The equations of motion yielded by Bayesian mechanics are variants of approximate Bayesian inference, a statement that systems track modes or paths in virtue of their states parameterising probabilistic beliefs about some dual object.

The different sorts of mechanical and dynamical theories possible under each application build out a typology or taxonomy of incarnations of the FEP, which has previously been unclear in the literature, due to the conflation of different applications in regimes where they are formally distinct—type errors, if you will. In a similar sense as continuum mechanics is a subtype of Newton’s laws of motion applying to fluids, which is a much different subtype from orbital mechanics (applying to satellite motion), active inference \(\neq\) the free energy principle \(\neq\) the sort of mode-tracking appearing in this paper.

After that is fully accounted for in Sections 2 and 3 of [RSH+22], we re-define mode-tracking in gauge-theoretic terms. Sections 4 and 5 of [RSH+22] are an elaboration on the results in Section 6 of [Sak22], which is slighly nicer to the reader than its predecessor, mostly thanks to Brennan Klein’s unrivalled artistic ability. Being a mathematician foremostly, to me, gauge theory is geometry; in particular, gauge theory is the study of a particular sort of space called a fibre bundle. Fibre bundles happen to be the natural setting for certain classical field theories for the physics of high energy particles, but that turns out to be irrelevant in the general case. I raise this point in case the geometry and analysis paper was tough going for the reader, to flag that this one is a bit more intuitive (thanks primarily to these figures).

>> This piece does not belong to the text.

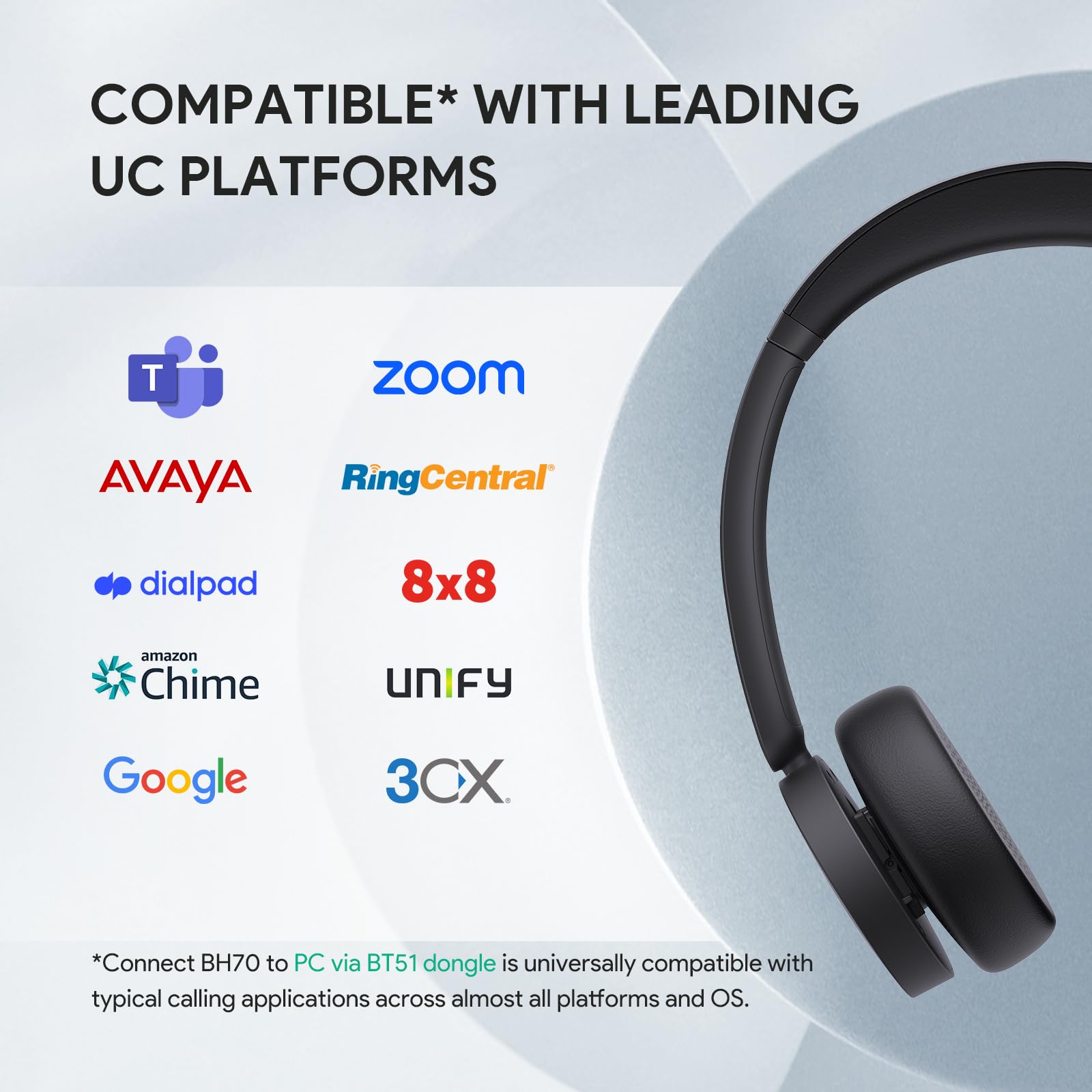 Brilliant Audio Quality ▶ The BH70 also has excellent voice reception capabilities, any factors that may lead to increased distortion or blur are avoided. Whether you're in a busy office environment or on-the-go, the BH70 ensures that your calls are clear and professional. On the other hand, when it comes to music mode, BH70 headphones use dynamic EQ adapts to different genres of music to deliver an immersive audio experience with rich bass, detailed midrange tones, and crisp highs.

The idea behind this is that we can formulate the Helmholtz decomposition in this re-definition of Bayesian mechanics. In particular, there’s a natural interpretation of the Helmholtz decomposition in gauge-theoretic terms (chasing modes is following a gauge force, a Newtonian language for the equivalent Bayesian statement) and vice-versa; that beginning from the point of gauge theory and getting maximum entropy/the FEP, we get a splitting of flows for free. A simple statement, but be forewarned: this just offloads the difficulty to constructing the fibre bundle and defining a gauge theory for max ent. Nonetheless, once we do so, a splitting exists naturally. In future work I’d like to do this last step more formally, since it would be nice to show that the equations from Friston (and others) arise directly from gauge theory. I’ve sketched out (in a manner of speaking) how that might look and it seems promising; stay tuned for more.

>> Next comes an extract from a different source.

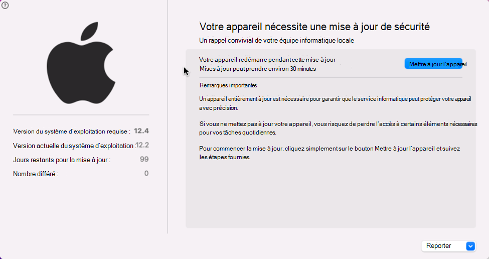 Utilisez cet article comme guide d’administration pour vos appareils macOS inscrits et gérés. Ces informations peuvent vous aider à gérer les mises à jour logicielles sur vos appareils appartenant à organization.
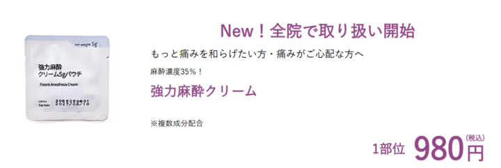痛みが気になる方には、2025年10月より登場したSBCオリジナルの「強力麻酔クリーム」がおすすめです。料金は従来の3,300円から980円に大幅にお得になり、さらに有効成分の濃度は約3倍にアップしています。

As for [Sak22], the main result of the first half of the paper is in some sense Theorem 4.2. From the previous blog post: “from the very top, one of the contributions of the paper is to define a simple version of Bayesian mechanics. Under the free energy principle, Bayesian mechanics is the physical theory describing what systems that engage in approximate Bayesian inference do. The approximate Bayesian inference lemma in the monograph (here, upgraded to a theorem) is the observation that systems can be modelled as minima of variational free energy, since this records tautologies about what systems do and how they are perturbed by their environments. I define BMech under the FEP by formulating it in terms of an equivalent structure, maximum entropy. This work is in some sense a sequel to this paper by Da Costa et al—or, as I remark in Section 2.1, perhaps it’s a prequel.” What I don’t say is that the interplay between randomness and regularity is what drove me to postulate the use of constrained maximum entropy instead of VFE, which happens to be a productive alternative viewpoint to take (perhaps this is unsurprising) and that the fact that they are isomorphic and we get everything back in a new language with better maths to its name is a happy accident (although perhaps it was ordained). In the later sctions of [RSH+22], this physical motivation (which is in some sense the real story) gets its due.

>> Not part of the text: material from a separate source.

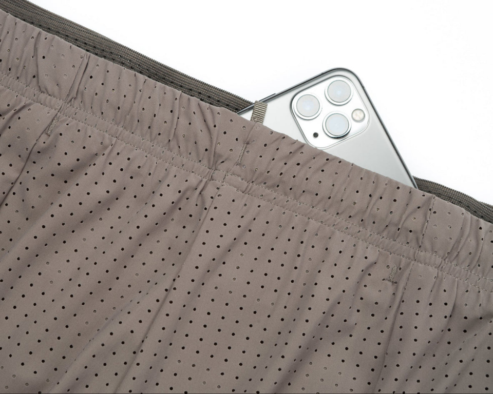 A sweatproof phone pocket, hidden in the waistband. For keeping essentials close, and distractions at a distance.

Another bit of meta-commentary about this; when we have a hard problem in mathematics, it is common to prove things about a simpler problem that we can recover the hard problem from. I resist any insinuation that this work is of the calibre of Wiles’ proof of Fermat’s last theorem, but this is how Wiles proved Fermat’s last theorem—instead of proving a difficult number-theoretic result about Diophantine equations, he was able to prove an easier (relatively speaking—perhaps ‘more straightforward’ or ‘less hopeless’ would be better) but equivalent statement about certain elliptic curves and their modular forms. This got him the result he needed. In fact, it did so by shedding more light on the structure of the problem than previous number-theoretic methods, which were typically brute force, infinite descent arguments. (The interested reader can find a good account of this here: The Biggest Project in Modern Mathematics, Quanta Magazine.)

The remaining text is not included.